Recorded information:
- - - -
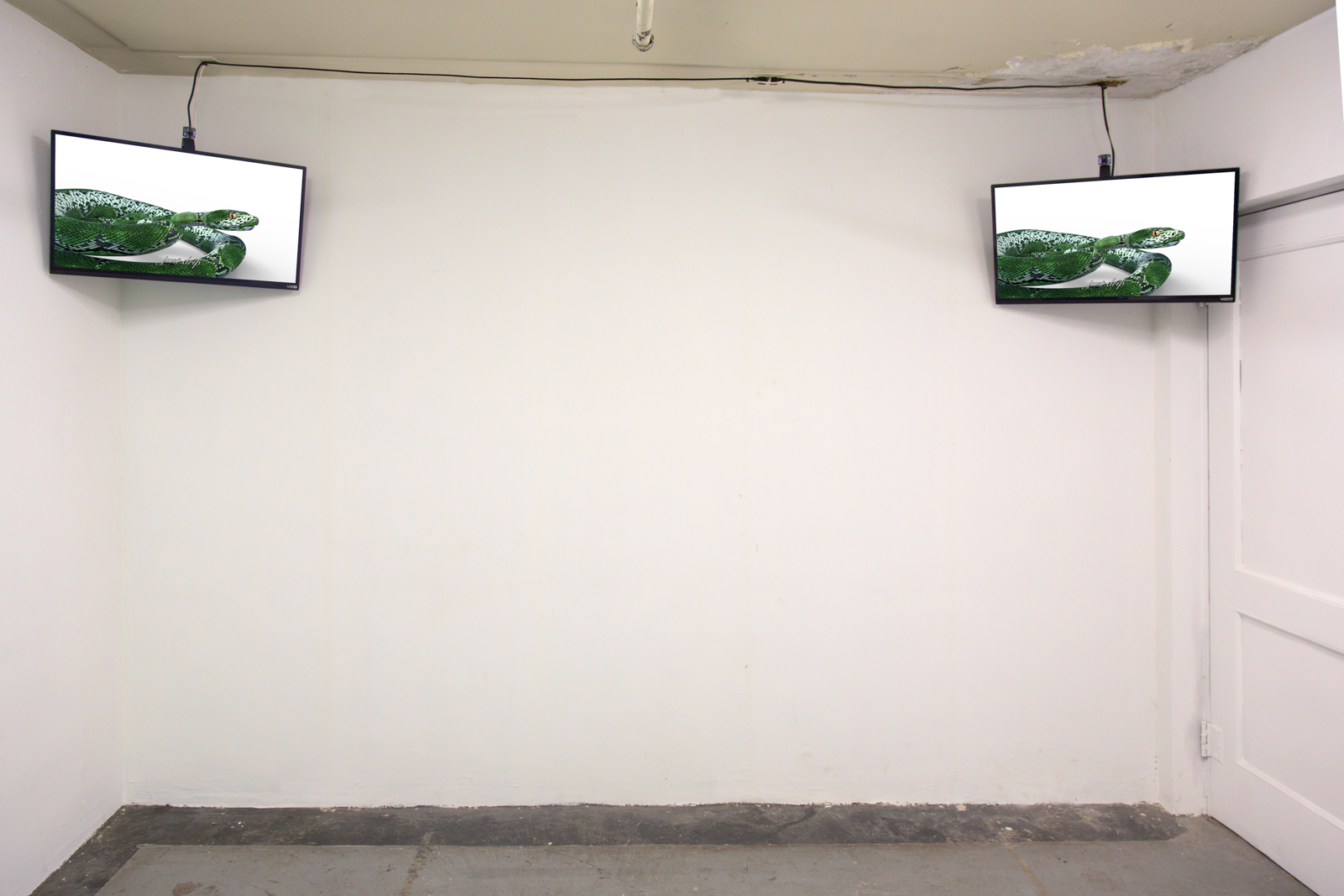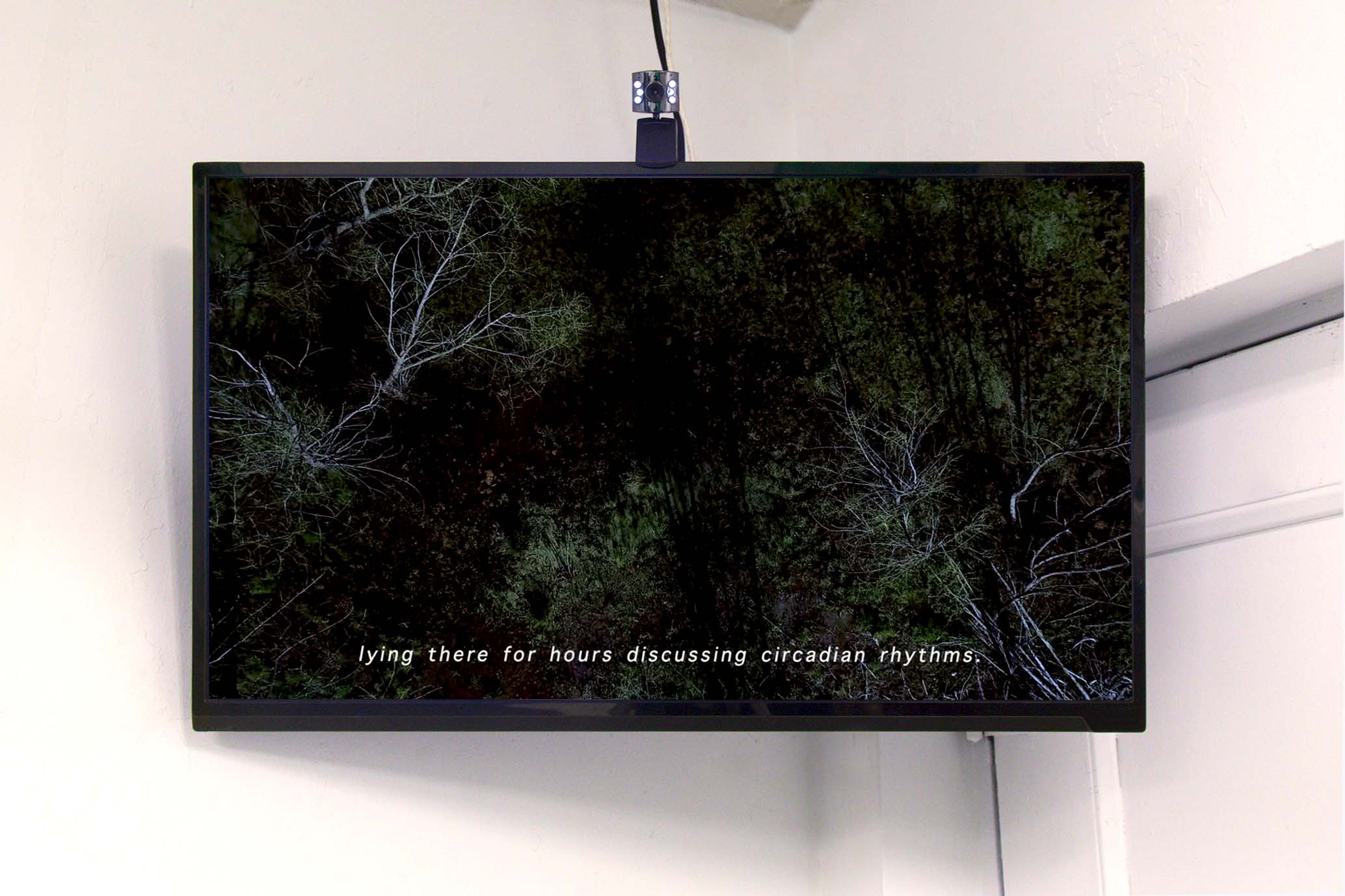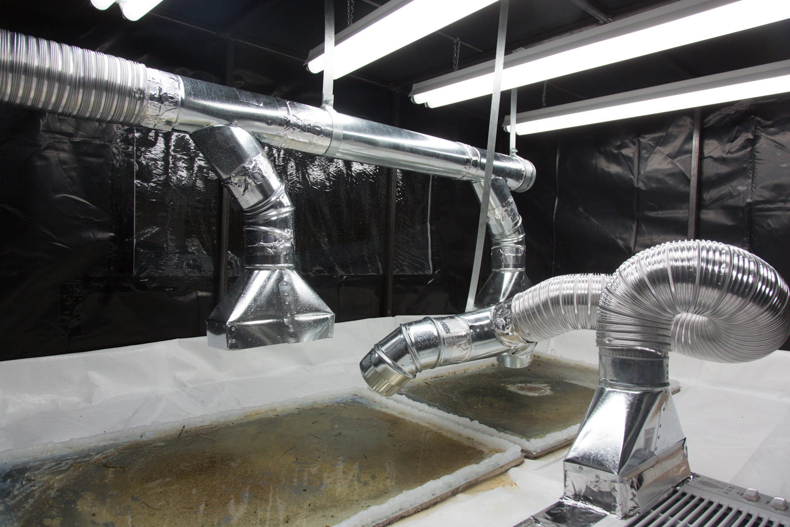 The Pond, 2018, Installation: wood, drywall, acrylic, metal, textiles, vinyl, humidifier, air conditioner, ventilation duct and fans, tile board, plumbing, silicone caulking, plastic, epoxy resin, charcoal, pond water, vines, dried wasps nests, tadpoles, stinging nettle, variable dimensions, 4-channel HD video, 8'53", color, sound.
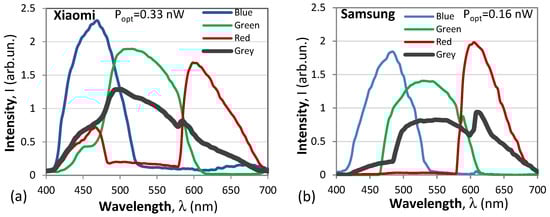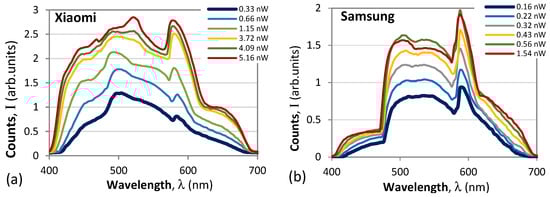 Overall spectral responses of the smartphones vs. optical power increase: (a) Xiaomi 11T Pro; (b) Samsung Galaxy A51.
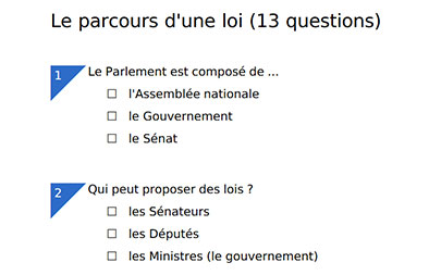 Quand ils ont fini, ils font un QCM pour tester leur compréhension du parcours d'une loi. J'utilise avec eux le site EvalQCM, mais cette phase peut se faire avec d'autres services du même type ou bien en version papier.
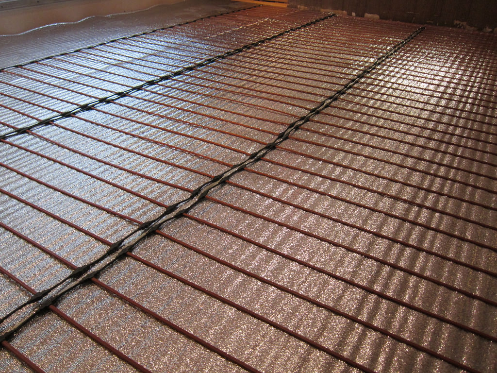 Der Einbau einer Fußbodenheizung sollte mit einer hochwertigen Wärmedämmung der darunter liegenden Fläche beginnen. Optimale Materialien mit Folienschicht, wodurch die Wärme nach oben auf die Fliese reflektiert wird.
- - - -
Everything from the line containing "Quand ils ont" through the end of the data should be printed exactly, line for line, except the pictures.

Written answer:
 Quand ils ont fini, ils font un QCM pour tester leur compréhension du parcours d'une loi. J'utilise avec eux le site EvalQCM, mais cette phase peut se faire avec d'autres services du même type ou bien en version papier.
 Der Einbau einer Fußbodenheizung sollte mit einer hochwertigen Wärmedämmung der darunter liegenden Fläche beginnen. Optimale Materialien mit Folienschicht, wodurch die Wärme nach oben auf die Fliese reflektiert wird.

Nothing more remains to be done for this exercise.